RÊVE CB, Ukraine, Minsk. CB habite Minsk en Ukraine (?!) avec sa mère. Je suis invité chez elles (?!). Je suis en compagnie de CB putain ! CB est de passage en Ukraine pour voir sa mère (père absent). Je suis l’intrus accepté. Nous partons nous promener en ville tous les trois, nous parlons en français. La ville est morne et violente, et nous aurons l’occasion de l’expérimenter. Nous perdons la mère, nous trouvons un endroit bizarre, une sorte de club accessible par une fente rouge, il faut se tortiller pour y pénétrer. Dedans : des putes, des drogués, des militaires aux cheveux en brosse. CB et moi ressortons : trop flippant. On continue donc la ballade et, nous discutons fluidement de tout et de rien. J’ai pourtant l’impression de lui forcer un peu le mou, mais bon, ça n’a pas l’air de la déranger plus que ça. Sur le chemin pour aller prendre un café viennois au Café viennois, nous longeons un parc méga glauky, où se battent des hommes avec des chaînes, au milieu de jeux pour enfants déla38

brés. Le temps est décidément maussade et froid. Bizarrement, CB disparaît, à notre arrivée au Café viennois, la conne est repartie toute seule au « Club de la Fente Rouge » pour je ne sais quelle X raison (sans doute le goût du risque). Arrivée là-bas, celle-ci, qui est une femme connue mondialement, est reçue comme une princesse à première vue… Sauf qu’il y a beaucoup de monde cette fois-ci, bien plus que la dernière fois, une véritable bamboula : le club est une vraie boîte à sardines et les sardines ne sont que putes, drogués et militaires déglingués. Du coup CB, un peu fofolle, disparaît dans les entrailles du lieu-dit dans un nuage de drogue épais (j’apprendrai plus tard que ce club est en fait un ancien abri nucléaire). Et moi pendant ce temps-là, je m’fais du mouron bien sûr ! Mon p'tit doigt me disait déjà qu’elle était repartie tapiner là-bas. Alors j'barkdé, à la rescousse, j'la trouve au fond du trou littéralement, complètement défoncée à je n’sais quoi. En la r’montant sur mes épaules, elle trouve quand même la force de donner son Mac Book


Pro au physio (mais quelle conne). Et moi pendant c’temps-là, j’me fais assaillir par des connards qui essayent de m’planter des s’ringues remplies d’héro dans les bras. Non mais quelle bande de fils de putes ! J’ai sauvé CB, et je la tiens dans mes bras dans la rue, je suis complètement amoureux de cette conne. L’a quand même l’air d’en pincer une chouille pour ma pomme mais… J’ai quand même l’impression certaine qu’elle me fait une faveur ; pouah ! Mais quelle pute ! Sur le chemin du retour vers je n’sais où, j’vois des militaires en exercice s’accrocher aux immenses aiguilles d’une grande horloge d’une église. Les mecs font un tour entier du cadran et sautent sur les structures adjacentes. C’est à c’moment-là que j’me dis que les Ukrainiens sont quand même vraiment des gros tarés.

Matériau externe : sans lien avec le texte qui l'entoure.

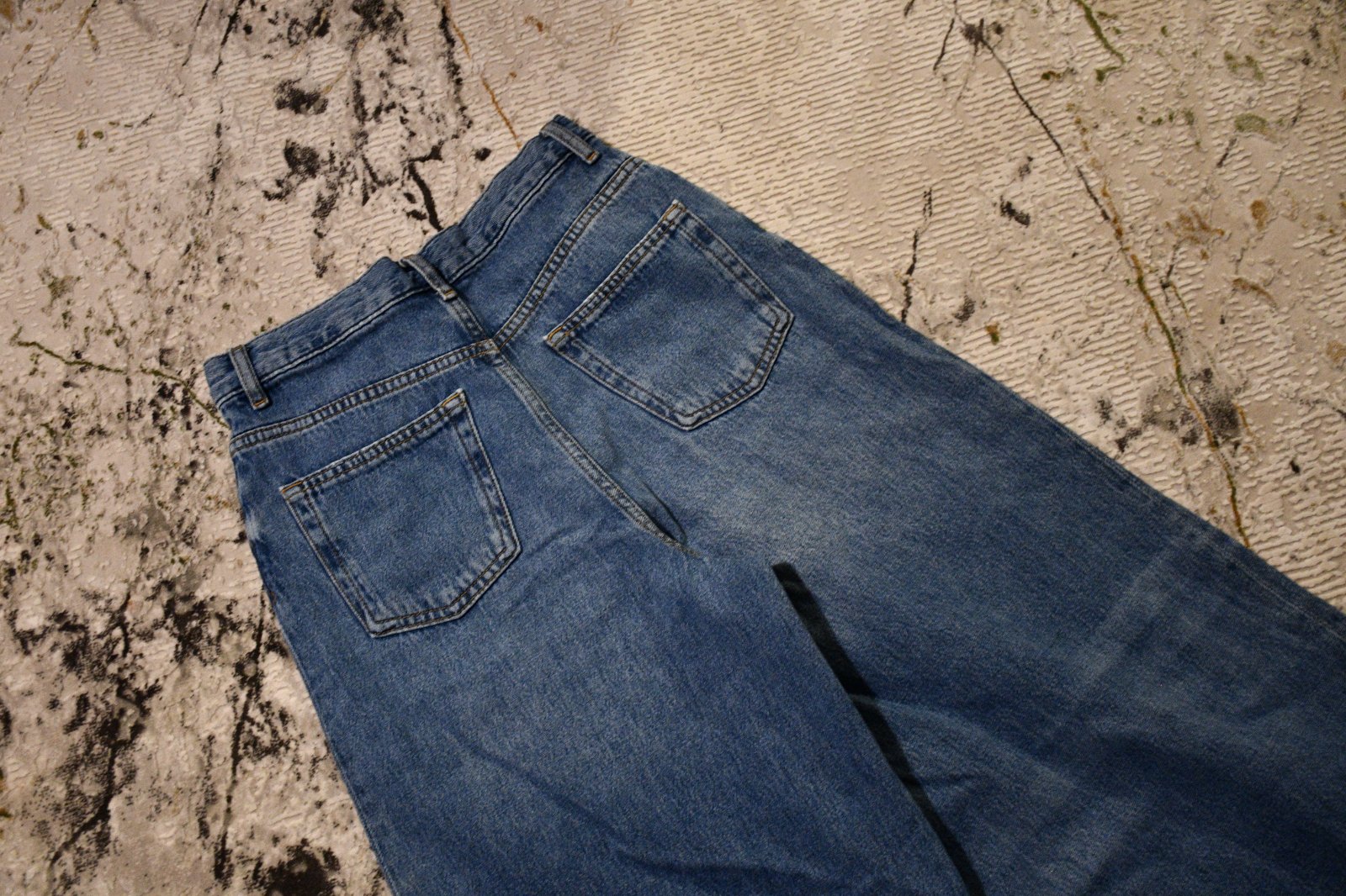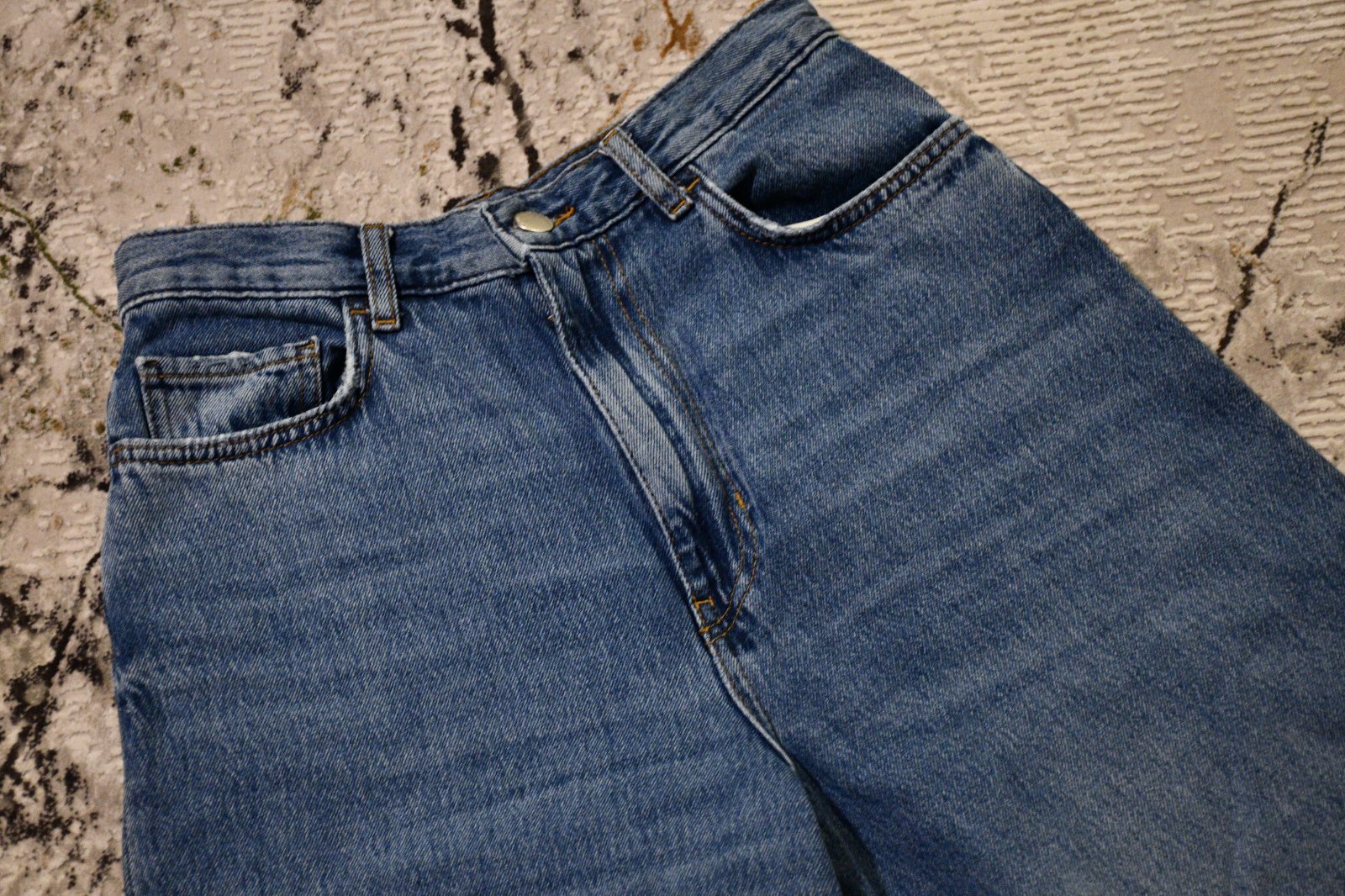 Predám kvalitné, štýlové široké jeansy s vysokým pásom, super stav. Oblečené pár krát, ako nové! Dĺžka 115cm pás 36cm x2. boky 50cm x 2. Sedia S-M
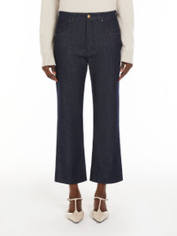 DETAILS Kapok and cotton indigo denim trousers featuring a leg that flares slightly towards the hem. Five-pocket style finished with matching stitching and metallic rivets. Concealed fastening with zip and metal tack button. COMPOSITION AND CARE 93% cotton, 7% kapok. Machine wash cold delicate cycle; do not bleach; do not tumble dry; line drying in the shade; cool iron; professionally dry clean perchloroethylene - mild process.; wash the garment while it is fastened.; turn the articles inside out before washing.; take care when wearing light-coloured clothes or accessories because, with the heat of the body, the indigo fabric , may fade and stain. be careful while sitting on light coloured surfaces, especially if wet. wash garments separately and always turned inside out. hang the garment turned inside out by avoiding to expose it to direct sunlight. avoid removing isolated stains. Distributed by Max Mara S.r.l., registered office in Reggio Emilia (Italy), Via Giulia Maramotti 4, 42124 (IT)
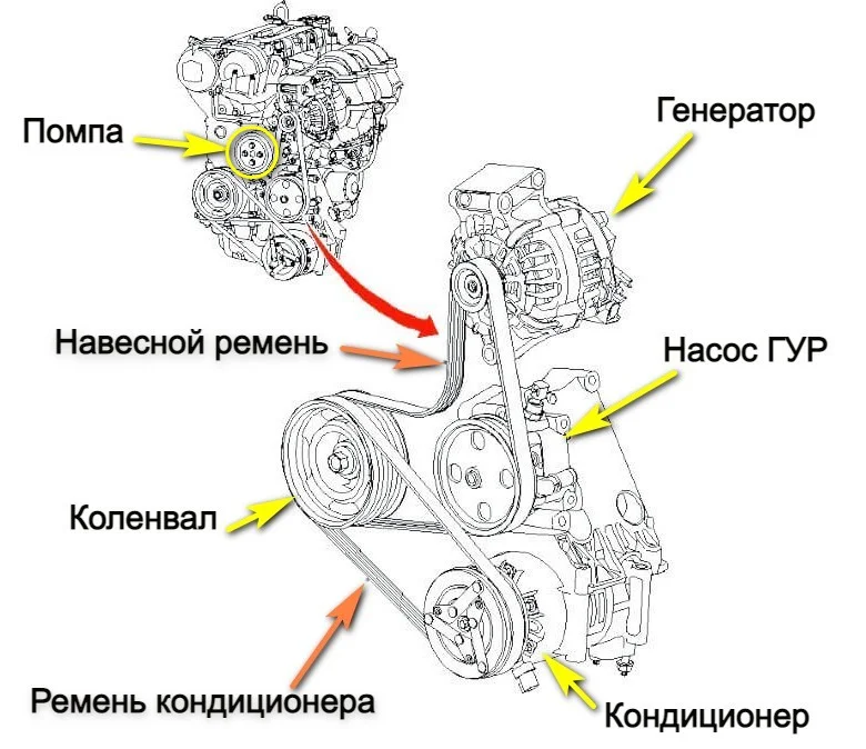 Воспользуемся схемой, чтобы представлять как расположен ремень и какие приборы он объединяет.

Plus tard, des semaines plus tard, en proie aux affres de l’amour les plus vilaines, attendant une réponse de ma dulcinée égocentrique, je reçus un message Facebook inespéré… Bien évidemment, venant d’elle, il m’aurait étonné d’être heureusement surpris… Bien évidemment, je me fis larguer par chat interposé, la connasse prétextant que le succès grandissant dans lequel elle s’était fourrée l’empêchait de s’engager dans une relation avec qui que ce soit, que le rythme incessant des tournées et des enregistrements, emportée qu’elle est par un succès grandissant, mais qu’elle tenait à moi, mais que peut-être un jour nous nous retrouverions, que j’étais quelqu’un de formidable, que cette décision était une chance pour moi, même si je ne m’en rendais pas compte, que je pouvais l’appeler si ça allait pas, blablablablablablabla, etc… etc… Quelle pute celle-là alors.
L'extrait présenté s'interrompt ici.